All of the data should be copied exactly, with the pictures left out.

━━━ STORED DATA

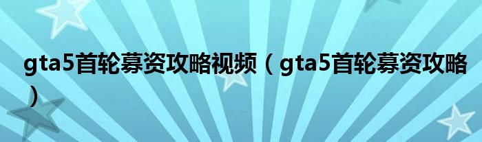 gta5首轮募资攻略视频(gta5首轮募资攻略)
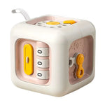 Ce joli cube aux couleurs douces est bien plus qu’un simple jouet : c’est un concentré d’activités sensorielles pour stimuler la curiosité naturelle des tout-petits. Chaque face propose une manipulation différente : boutons à tourner, roulettes à faire glisser, chiffres à aligner, interrupteurs à activer… Des gestes simples qui demandent attention, précision et coordination, tout en développant la motricité fine.
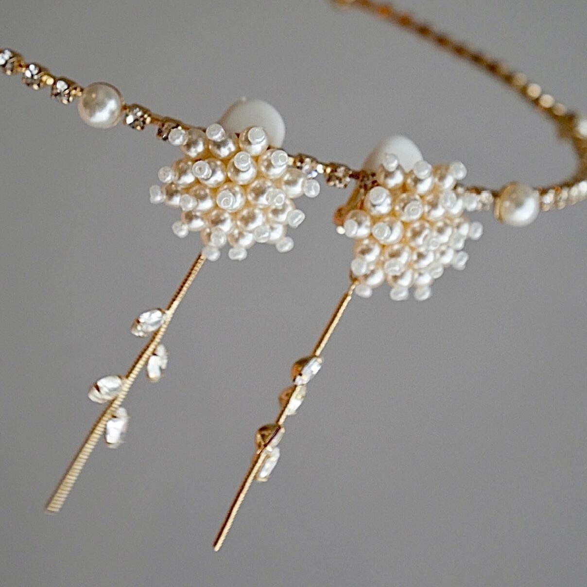 ガラスのお花がきらきら繊細に輝き、葉の部分は揺れ感のある華奢なチェーンで表現しました。

━━━━━━

→ ANSWER BOX:
 gta5首轮募资攻略视频(gta5首轮募资攻略)
 Ce joli cube aux couleurs douces est bien plus qu’un simple jouet : c’est un concentré d’activités sensorielles pour stimuler la curiosité naturelle des tout-petits. Chaque face propose une manipulation différente : boutons à tourner, roulettes à faire glisser, chiffres à aligner, interrupteurs à activer… Des gestes simples qui demandent attention, précision et coordination, tout en développant la motricité fine.
 ガラスのお花がきらきら繊細に輝き、葉の部分は揺れ感のある華奢なチェーンで表現しました。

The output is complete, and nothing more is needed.